Though some industries have accelerated in the COVID-19 era, the majority have not been so lucky. Among them is the short-term rental sector. With cities worldwide in a perpetual cycle of locking down and gently loosening the reins, travelling has been wrought with challenges, making it nearly impossible for anyone to leave home. And now, as Canada and the rest of the world contend with the rapid spread of new COVID variants, and as governments race to roll out their vaccine programs, what will become of the hard-hit sector — and will 2021 offer any respite?
A new report from U.S.-based revenue management platform, Beyond Pricing, sheds some light on the uncertain months ahead. “While we expect the travel industry to have stops and starts in 2021, with different geographies and sectors of the industry reacting, adapting, and recovering at different paces, we see a steady, upward trend in travel and spending moving forward,” says Julie Brinkman, CEO. “In conclusion, we are overall optimistic about the future and growth of the travel industry in general and the short-term rental market in specific.”

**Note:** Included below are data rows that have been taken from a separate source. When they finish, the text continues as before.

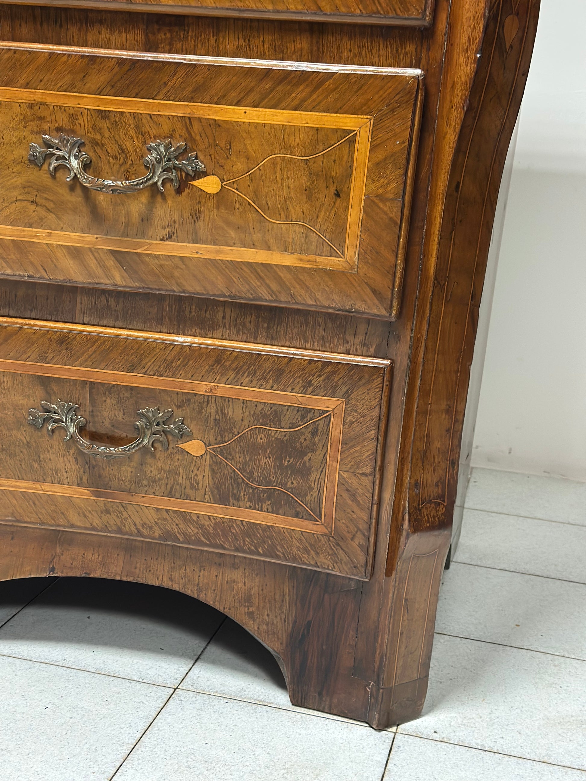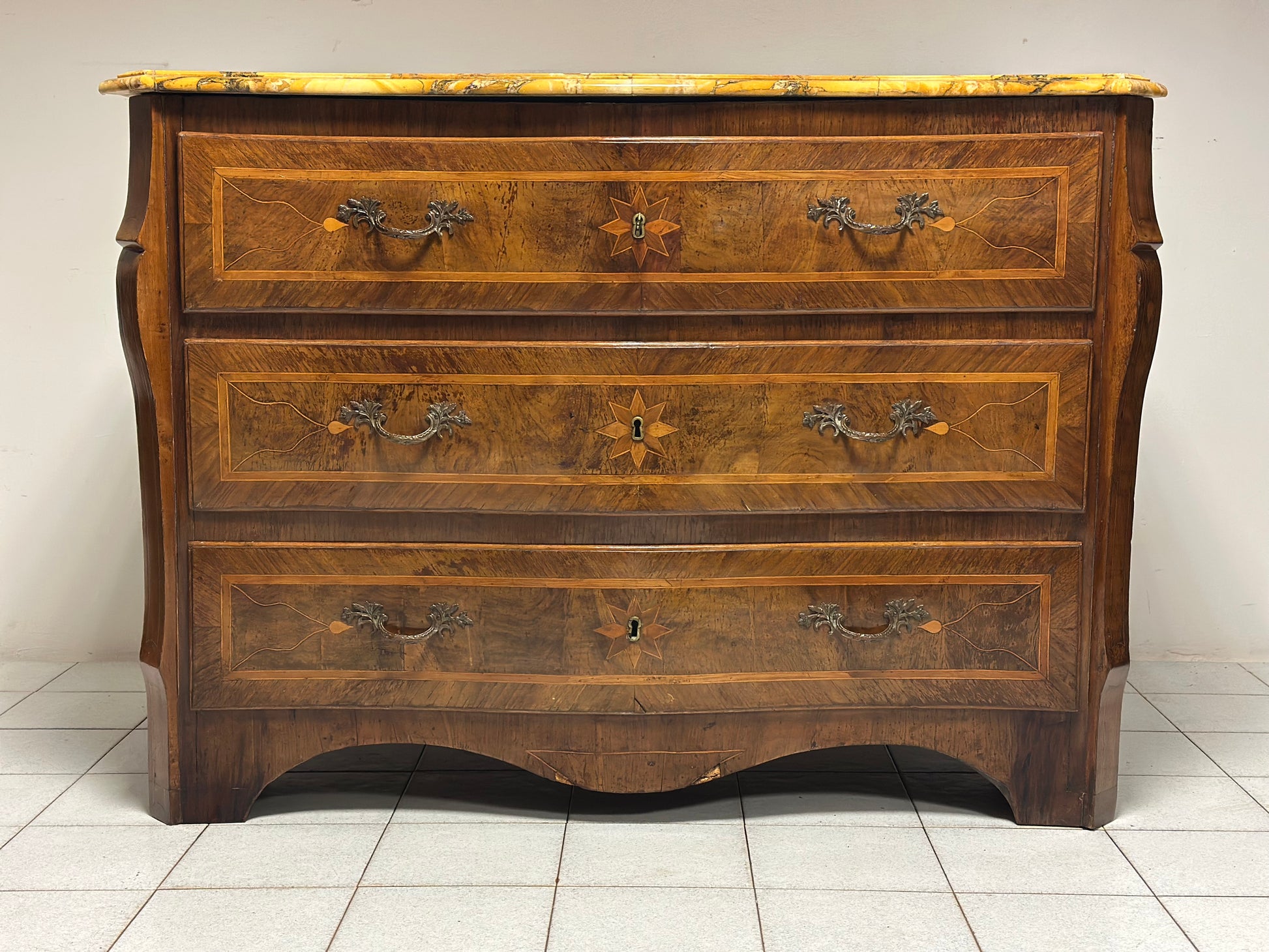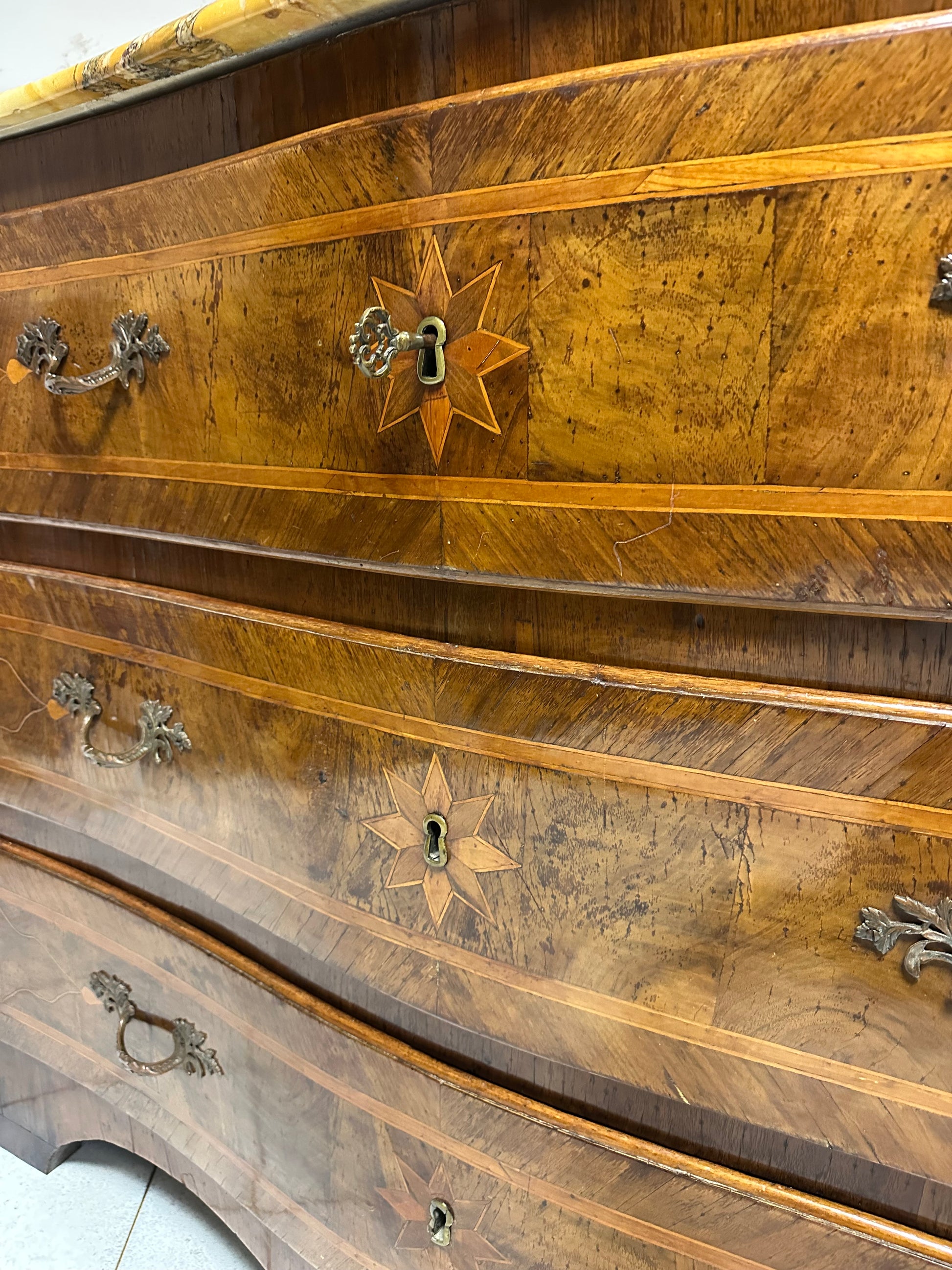 Cassettone Napoletano Luigi XV del 1700, a tre cassetti sagomati, interamente lastronato in noce e radica di noce finemente intarsiato in bosso e acero con medaglie sui cassetti e fianchi grembiule sagomato piano superiore lastronato in marmo giallo Siena
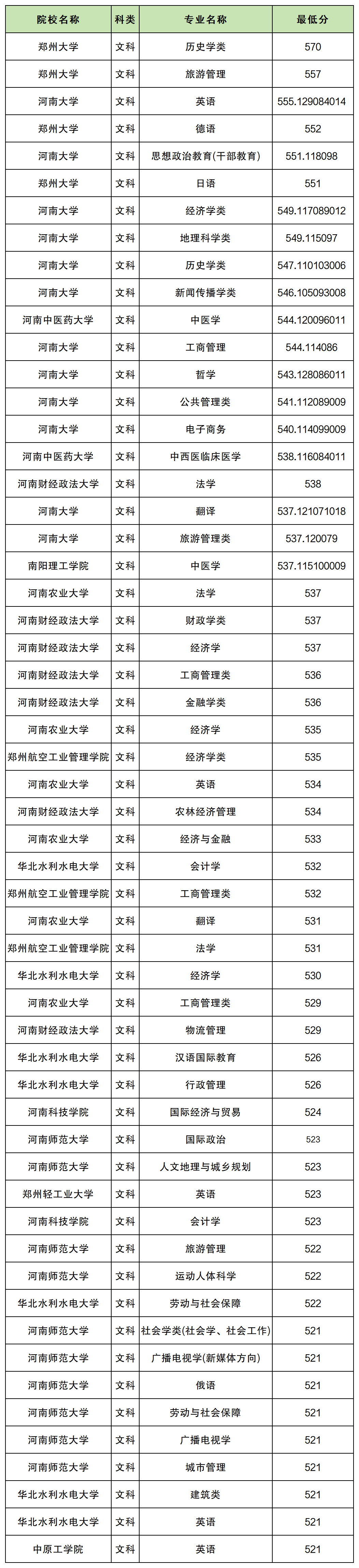郑州大学(旅游管理557分)、河南大学(英语555分)、郑州大学(德语552分)等。
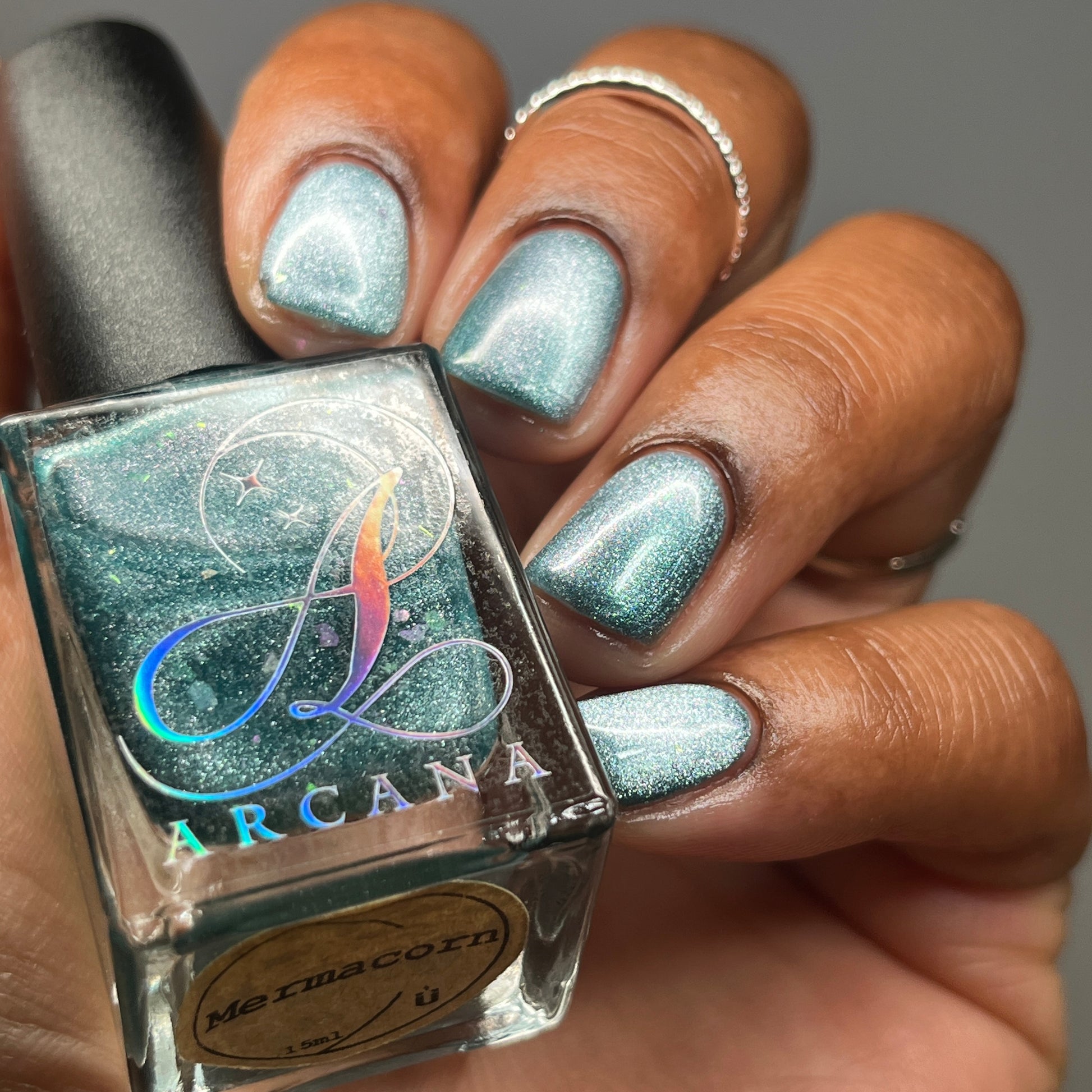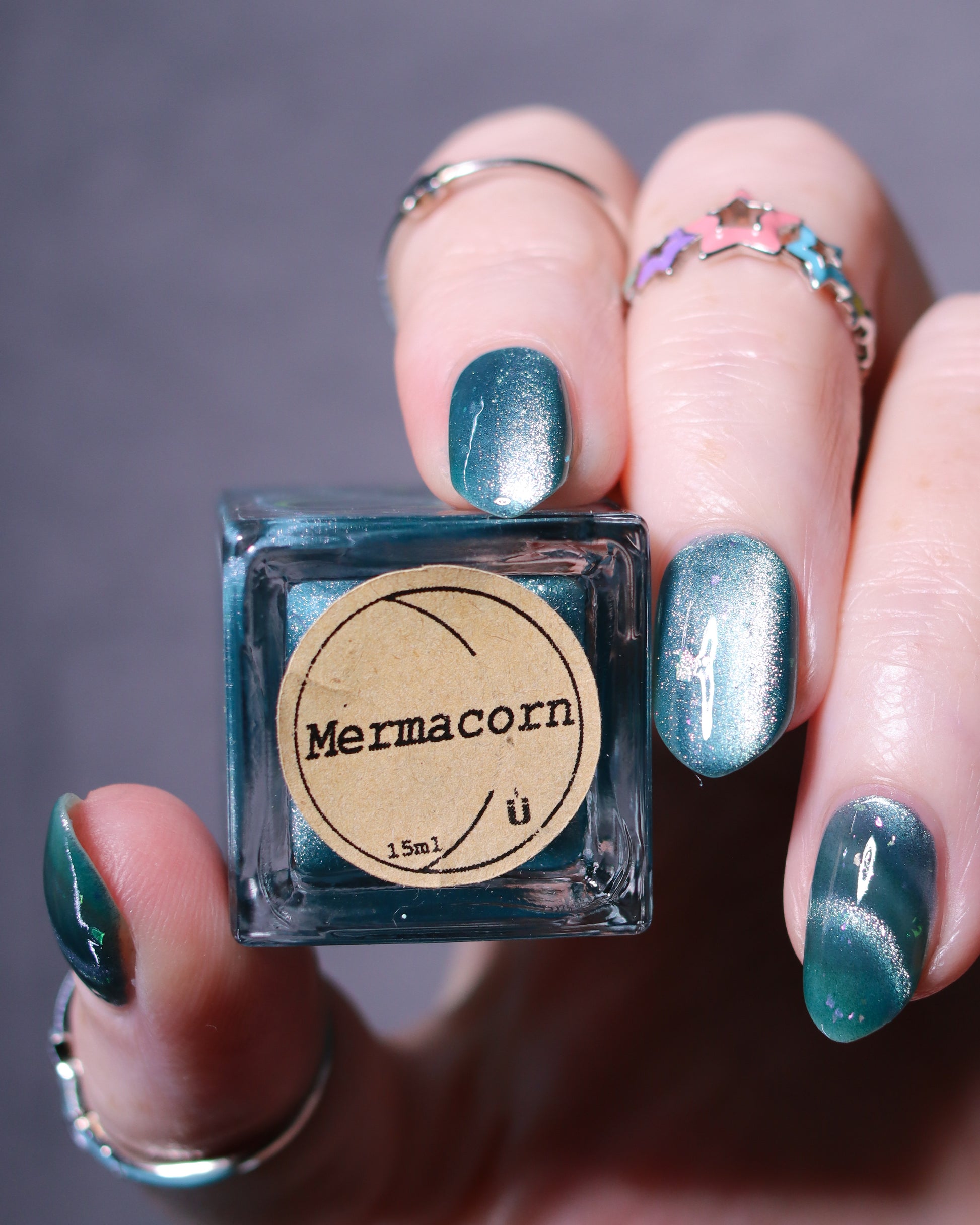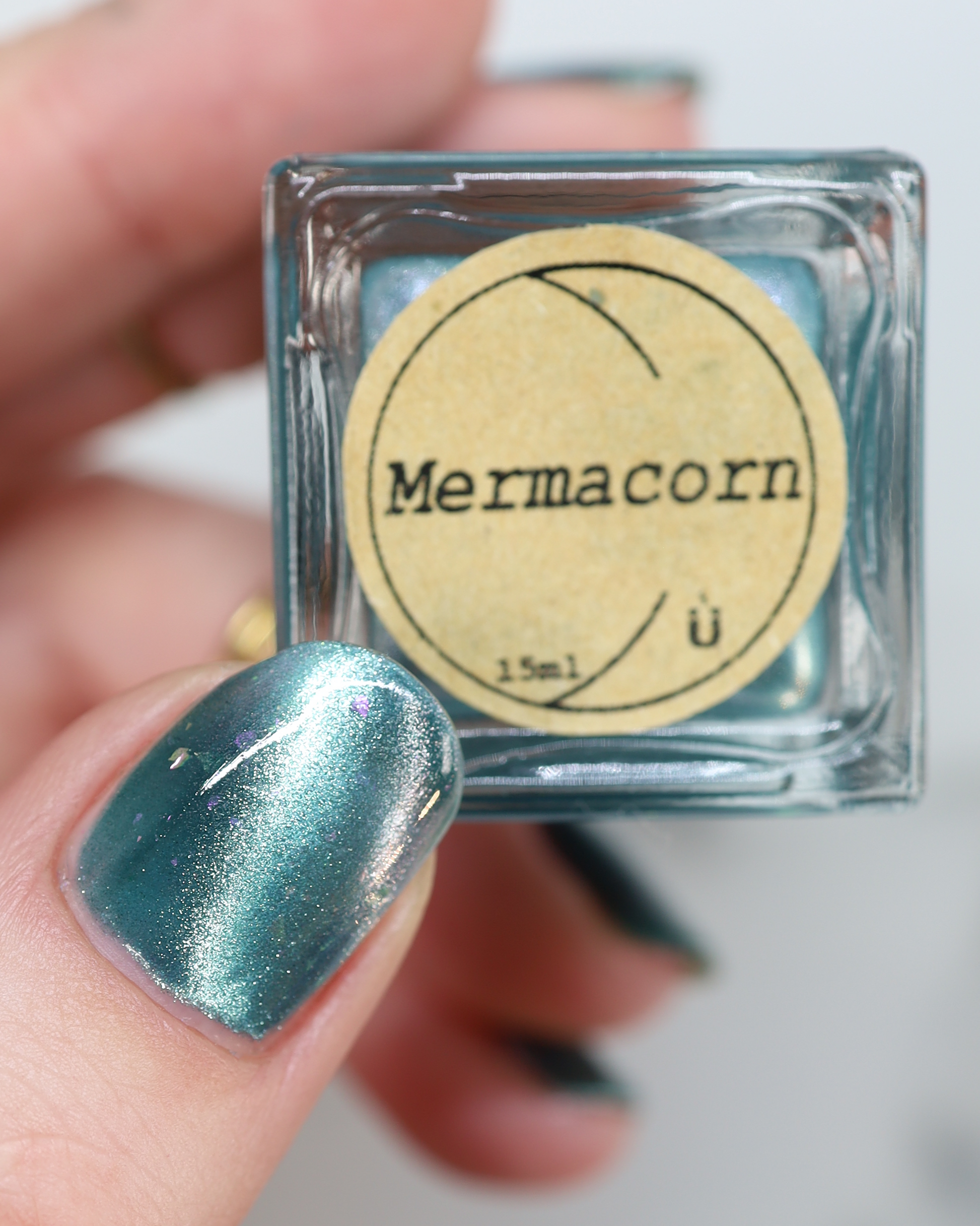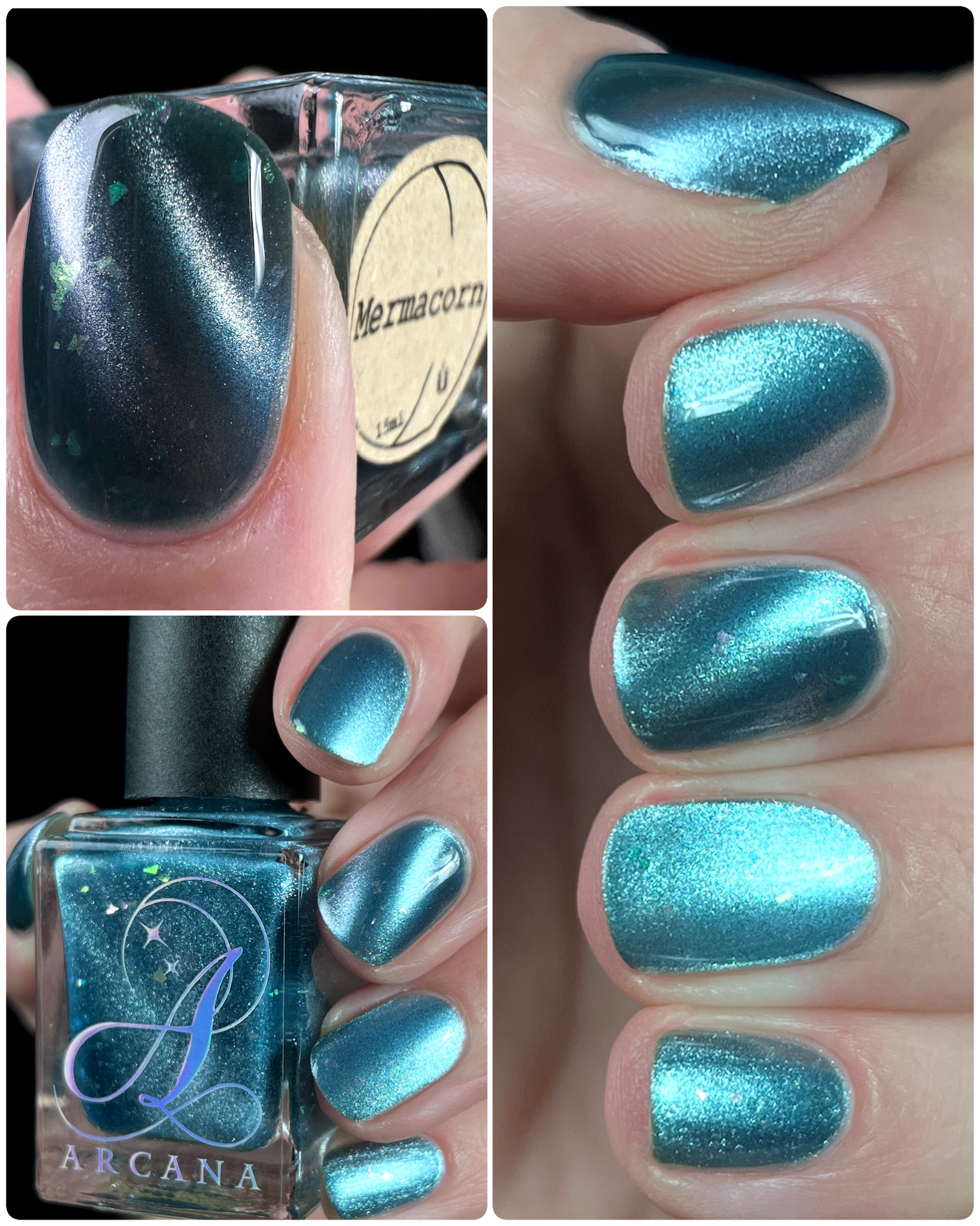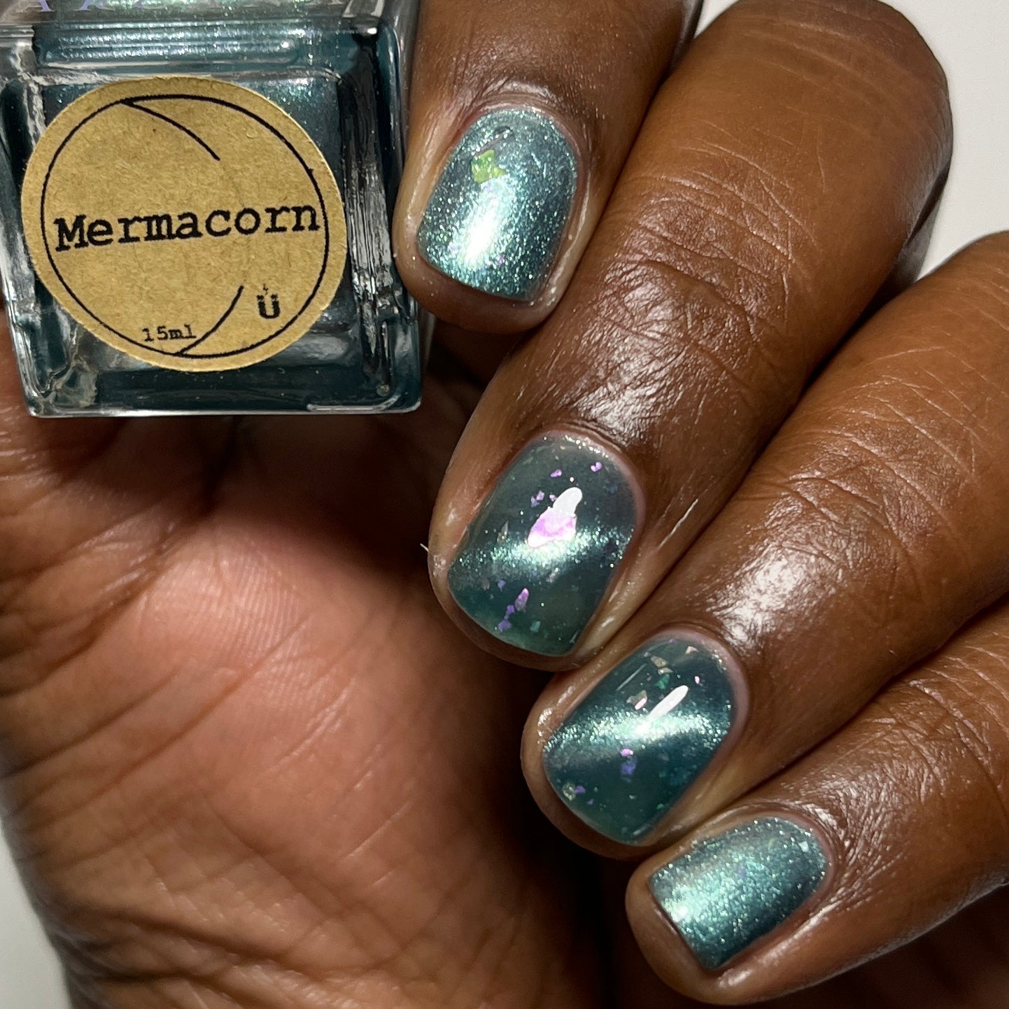 Mermacorn has a teal base with pink to purple and green to blue flakes with silver/pastel purple megnetic pigment.

A year ago, there was little reason to be so optimistic. When the pandemic first began its deadly sweep across the Asia-Pacific region in February, the travel industry suffered an abnormal rise in cancelations, followed by a significant decrease in booking pace as lockdowns and restrictions were put into place. By mid-March, booking pace plummeted across the globe, all but devastating the short-term rental sector.
Defined by the City of Toronto as “all or part of a dwelling that is rented out for less than 28 consecutive days,” short-term rental units are available everywhere housing exists through sites like Vrbo and Airbnb, which took a major hit last spring.
Fortunately, the summer saw some markets pick up as people sought to escape their confinement. According to Beyond Pricing’s new report, “The first markets to see an uptick were coastal, drive-to, and non-urban markets where consumers could travel and have an entire short-term rental to themselves in order to avoid contact with others.”
In the fall, that demand continued with more households better equipped to work and learn remotely. Additionally, the lower rates typical of September and October helped entice some travellers to extend their short-term stays. But all that changed by the end of the year when another surge in COVID-19 activity forced governments to impose more lockdowns and restrictions.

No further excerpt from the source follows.